__Exercise aim__. Look below for the line containing "通过多云纳管,,,,以统一的"; from there through the line containing "比如,Emmanuel教授的博士生是在完全不知情的情况下引用了AI生成的内容。", both lines included, please set down each line exactly and nothing else.

__Given data__.
▬▬▬▬▬▬
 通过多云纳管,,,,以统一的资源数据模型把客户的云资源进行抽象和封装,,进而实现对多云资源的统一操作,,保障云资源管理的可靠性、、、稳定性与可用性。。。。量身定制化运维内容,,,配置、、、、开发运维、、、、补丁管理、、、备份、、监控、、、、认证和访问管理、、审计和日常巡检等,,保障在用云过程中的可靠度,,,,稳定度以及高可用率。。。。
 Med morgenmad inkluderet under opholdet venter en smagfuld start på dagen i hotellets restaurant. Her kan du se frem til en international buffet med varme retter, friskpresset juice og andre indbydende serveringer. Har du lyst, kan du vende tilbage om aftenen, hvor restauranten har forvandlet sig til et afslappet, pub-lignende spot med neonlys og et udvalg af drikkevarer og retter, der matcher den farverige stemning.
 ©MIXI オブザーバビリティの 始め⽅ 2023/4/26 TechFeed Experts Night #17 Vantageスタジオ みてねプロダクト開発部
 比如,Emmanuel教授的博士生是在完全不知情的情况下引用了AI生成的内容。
▬▬▬▬▬▬
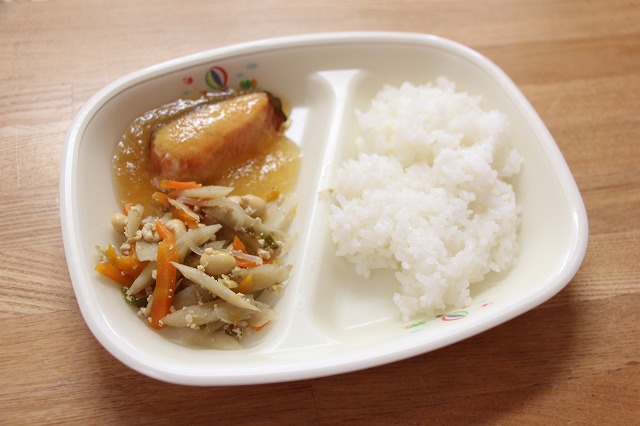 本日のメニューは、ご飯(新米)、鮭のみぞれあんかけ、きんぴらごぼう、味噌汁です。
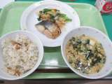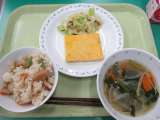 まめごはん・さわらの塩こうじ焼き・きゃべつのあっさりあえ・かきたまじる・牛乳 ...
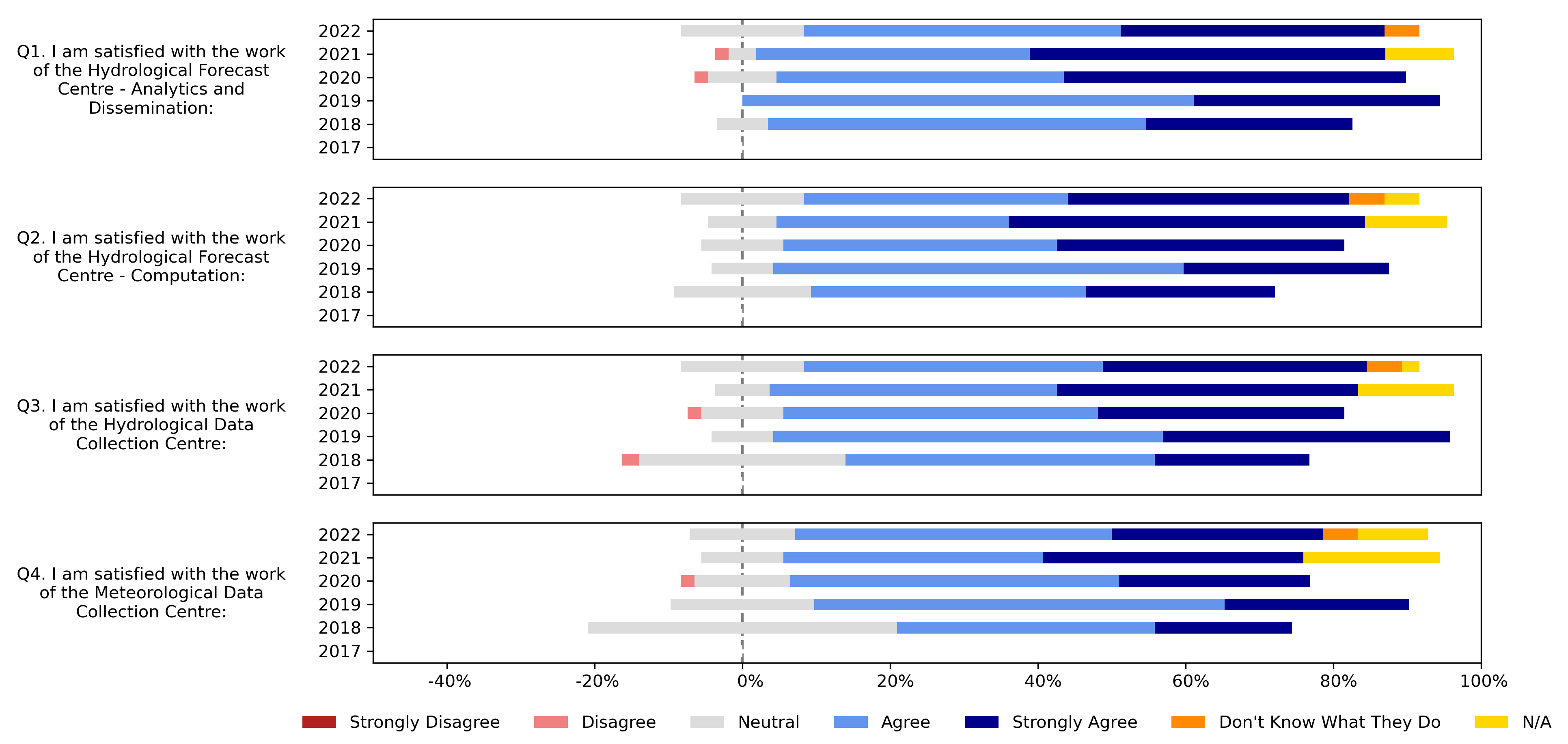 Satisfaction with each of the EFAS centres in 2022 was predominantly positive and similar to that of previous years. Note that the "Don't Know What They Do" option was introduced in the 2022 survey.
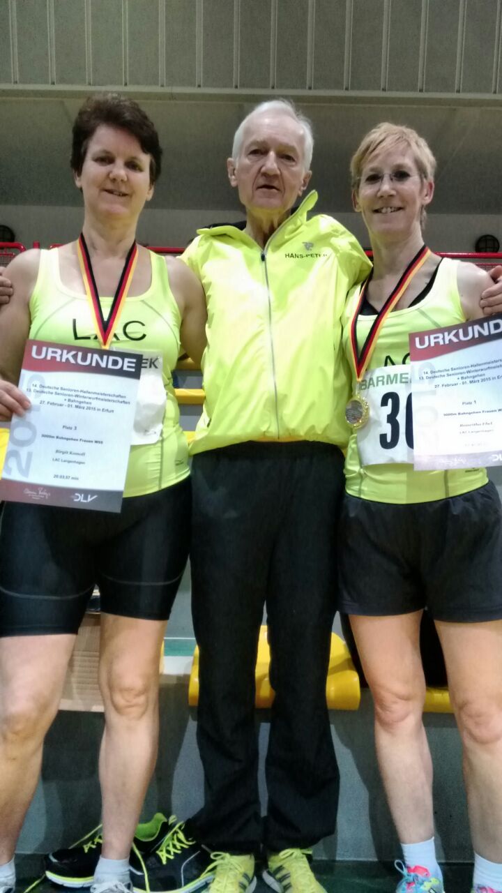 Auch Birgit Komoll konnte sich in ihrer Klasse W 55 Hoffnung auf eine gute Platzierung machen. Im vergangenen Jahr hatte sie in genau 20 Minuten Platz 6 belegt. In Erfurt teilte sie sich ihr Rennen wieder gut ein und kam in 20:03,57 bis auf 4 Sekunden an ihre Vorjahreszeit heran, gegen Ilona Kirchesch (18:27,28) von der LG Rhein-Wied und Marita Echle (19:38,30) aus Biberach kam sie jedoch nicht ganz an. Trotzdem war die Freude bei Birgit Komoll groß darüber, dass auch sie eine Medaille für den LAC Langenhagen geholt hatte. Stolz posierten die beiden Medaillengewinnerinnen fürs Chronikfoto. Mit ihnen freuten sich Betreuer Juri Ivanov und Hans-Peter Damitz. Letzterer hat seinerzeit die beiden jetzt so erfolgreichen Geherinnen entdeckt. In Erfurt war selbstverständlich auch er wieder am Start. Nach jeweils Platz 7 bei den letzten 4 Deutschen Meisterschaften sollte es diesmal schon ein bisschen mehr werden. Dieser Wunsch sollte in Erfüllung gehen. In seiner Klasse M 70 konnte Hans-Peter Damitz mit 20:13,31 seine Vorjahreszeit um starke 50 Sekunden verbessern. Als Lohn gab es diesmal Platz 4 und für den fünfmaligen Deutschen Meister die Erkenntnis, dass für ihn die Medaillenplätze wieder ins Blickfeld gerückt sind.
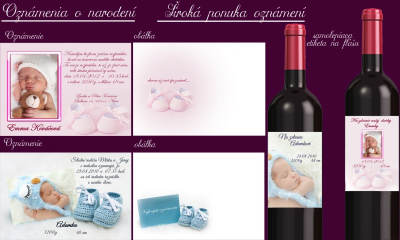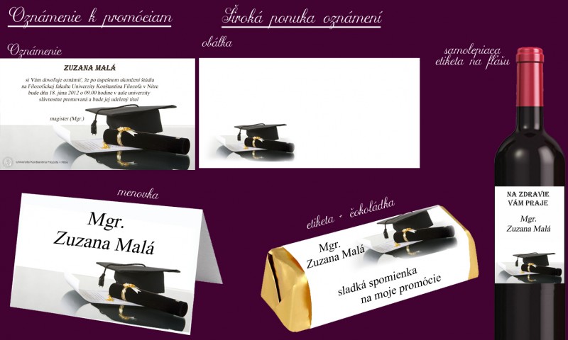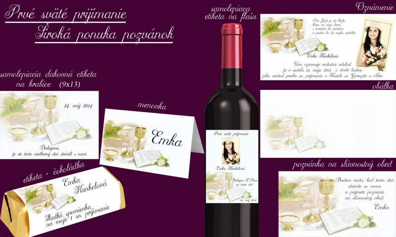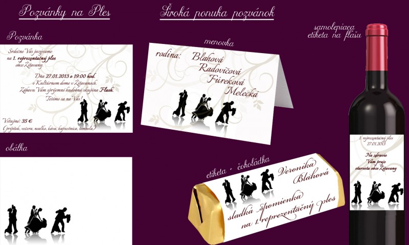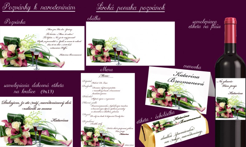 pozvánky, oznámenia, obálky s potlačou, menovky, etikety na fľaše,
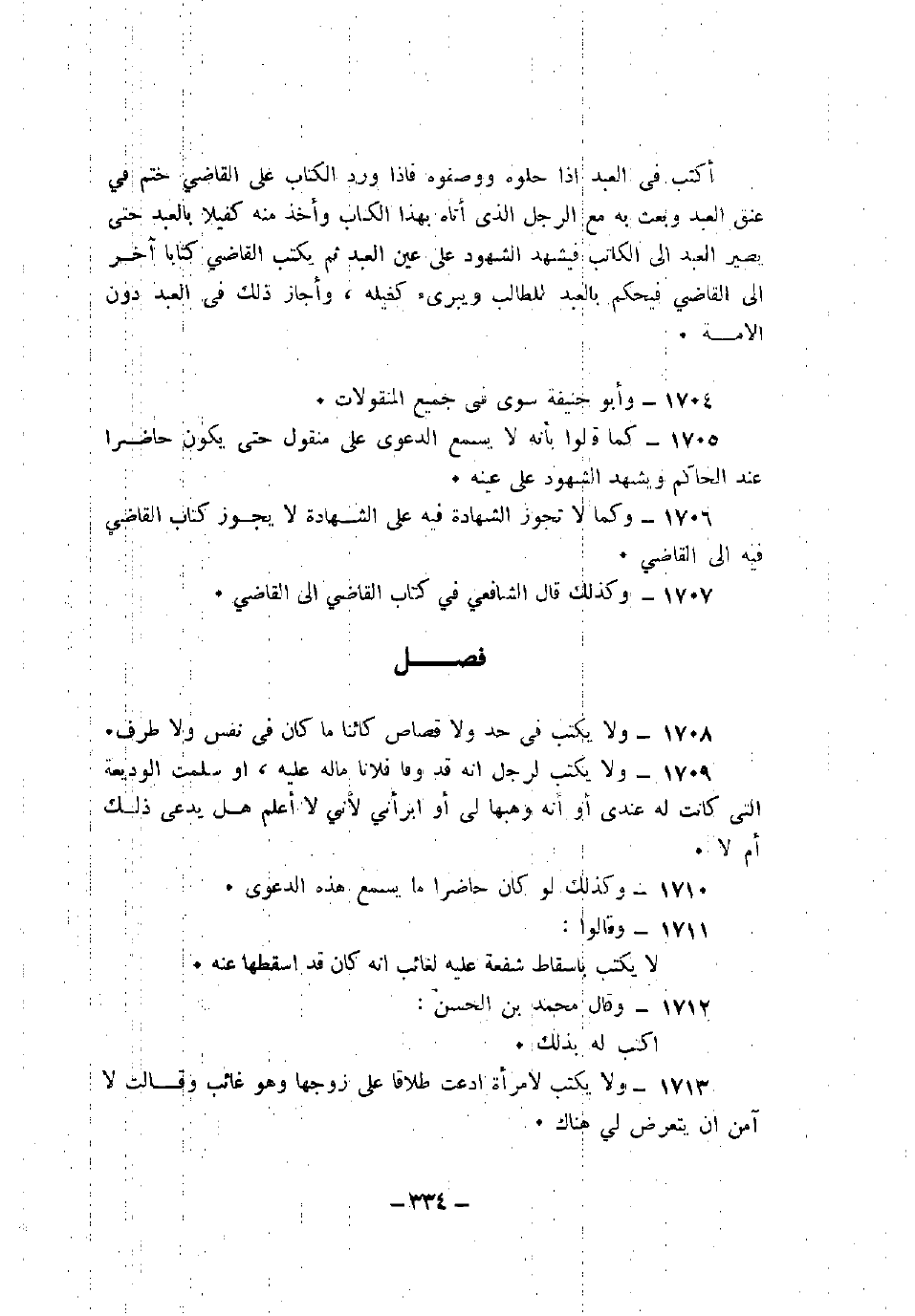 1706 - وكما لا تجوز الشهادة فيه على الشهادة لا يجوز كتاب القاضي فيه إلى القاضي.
▬▬▬▬▬▬
__Response__.
 通过多云纳管,,,,以统一的资源数据模型把客户的云资源进行抽象和封装,,进而实现对多云资源的统一操作,,保障云资源管理的可靠性、、、稳定性与可用性。。。。量身定制化运维内容,,,配置、、、、开发运维、、、、补丁管理、、、备份、、监控、、、、认证和访问管理、、审计和日常巡检等,,保障在用云过程中的可靠度,,,,稳定度以及高可用率。。。。
 Med morgenmad inkluderet under opholdet venter en smagfuld start på dagen i hotellets restaurant. Her kan du se frem til en international buffet med varme retter, friskpresset juice og andre indbydende serveringer. Har du lyst, kan du vende tilbage om aftenen, hvor restauranten har forvandlet sig til et afslappet, pub-lignende spot med neonlys og et udvalg af drikkevarer og retter, der matcher den farverige stemning.
 ©MIXI オブザーバビリティの 始め⽅ 2023/4/26 TechFeed Experts Night #17 Vantageスタジオ みてねプロダクト開発部
 比如,Emmanuel教授的博士生是在完全不知情的情况下引用了AI生成的内容。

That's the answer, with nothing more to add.